Shares of the Miami company at last check were down 1.4% to $21.98.
Analyst James Ainley said in a research note that while he still believed in a recovery for the cruise industry, his comparative analysis of the pricing environment, ship pipeline, earnings quality, returns and valuation suggested that rival Norwegian Cruise Line (NCLH) - Get Free Report will deliver more attractive returns to shareholders relative to Carnival.
Carnival has delivered slower revenue and earnings growth over the past 10 years and its decision to exit older, less efficient vessels and smaller pipeline will limit its revenue recovery compared with Norwegian, the analyst said, according to the Fly.
Norwegian shares were up 0.3% to $25.56. The company said earlier this month it would be ready to launch its full fleet by April, the first time it's been at full operation since the pandemic started.

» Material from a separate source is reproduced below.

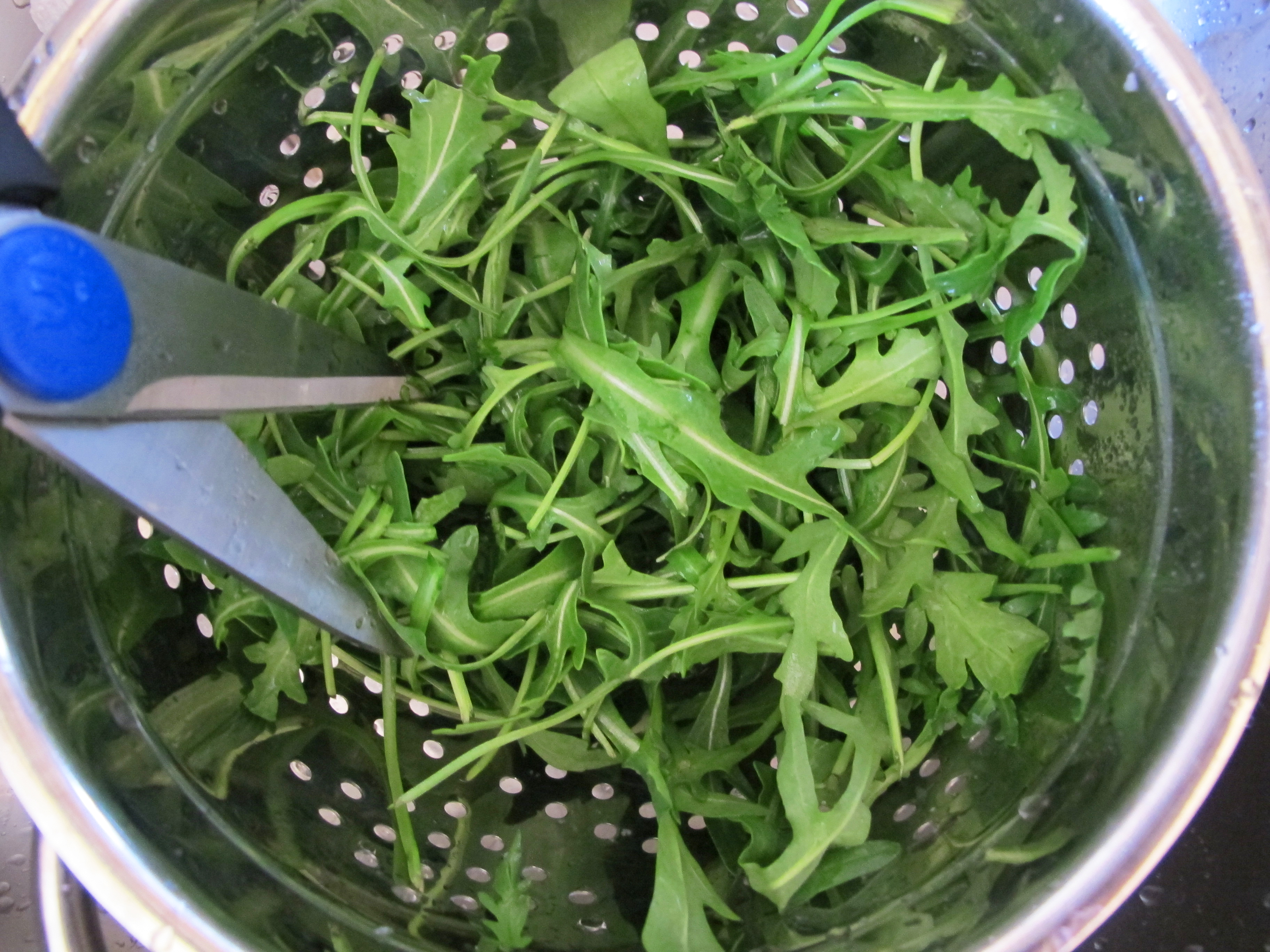 4. While the soup is simmering, rinse the arugula in a small colander and chop it directly in the colander using kitchen shears. After the soup has finished simmering, add the arugula and stir just until wilted, about 1 minute. Season to taste, drizzle with olive oil and serve.

On Thursday Berenberg analyst Stuart Gordon upgraded Carnival to hold from sell with a $22.50 price target.
The cruise ship industry was battered by Covid-19, with several outbreaks spreading rapidly aboard numerous vessels.
Last month, Carnival said its voyages for the third quarter were cash flow positive and that it expects the trend will continue. Occupancy was still just 54% overall in the quarter but rose from 39% in June to 59% in August.
The company reported a monthly average cash burn rate of $510 million, which was better than previous guidance and in line with its $500 million monthly average cash burn rate for the first half of the year.